On 18/02/07, Peter <[EMAIL PROTECTED]> wrote:


On Sun, 18 Feb 2007, Amos Shapira wrote:

>> That's why you must use both a reaper and select() with timeout.
>
> What's the point of select(2) with a timeout? How long should the
timeout be
> set and what should be checked when it's reached? Why wouldn't a child
> reaper be enough in the situation Baruch describes?
>
> In general - I'm very vey unfond of solutions which involve busy waits
(and
> a select with a timeout is busy wait in my dictionary).

This is not a busy wait at all. Select with a timeout yields until one
of the sockets needs attention.


Or the timer expires and makes the waiter do some "test and repeat" job,
which falls under my definition of "busy wait" (even if it gets to rest for
a while between iterations).

It is very possible and very likely that there will be no SIGCHLD from a
properly written deaemon child because it will become a process group
leader.
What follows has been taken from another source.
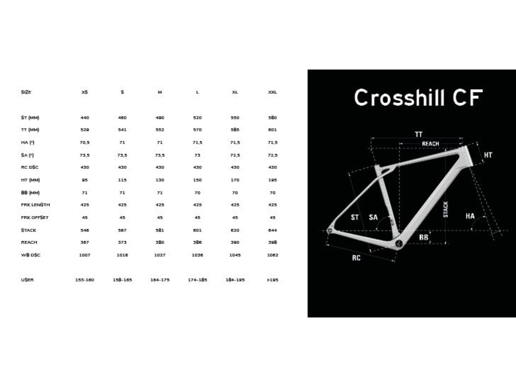 V rade Crosshill CF je sedem modelov, pričom dva majú odpružené vidlice so zdvihom 30 a 40 mm na náročnejšie použitie v horách alebo na kamenitých cestách. Nižšie modely sú vybavené mimoriadne pohodlnými hliníkovými riadidlami (rise: 12 mm, drop: 114 mm). Vyššie modely majú karbonové riadidlá, ktoré umožňujú športovejšiu pozíciu. Kabeláž vchádza do rámu už v predstavci, čo ničím nenarúša dokonalý vzhľad.
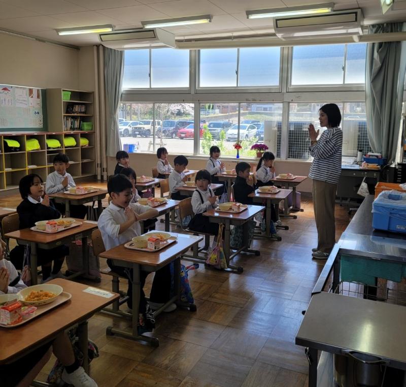 2024年4月12日 12時28分12日金曜日、今日から1年生も給食が始まりました。教室の窓からも桜を堪能できます。1週間新たな気持ちで頑張る姿が見られました。

Also many daemons whose source is not available will go into the


Huh?? When a group leader exits his parent gets SIGCHLD. That's one of those
sticky PITA's of UNIX process programming. (I've just double-checked this
with a quick program which demonstrate it). The only way I can remember to
avoid receving SIGCHLD is by setting it's handler to SIG_IGN (ignore).

background and become a pgld as above and thus anything forking them
will exit and give off a SIGCHLD.


Right, as I replied to Shachar's post (half-addressed to Baruch).

There is NO way to tell if a daemon is 'alive' or stuck etc excepting
when it sends or receives data through a socket. The only part of the
system that is able to detect this is the network subsystem, using
iptables or the method applied by SE Linux. iptables can be 'booby
trapped' to call a user mode application when packets are detected on
certain ports. This can be used to open the firewall when needed if
desired (like windows firewalls do).

Peter


You are getting off subject - the original question was about how to find
out that the other side of a socketpair has closed it.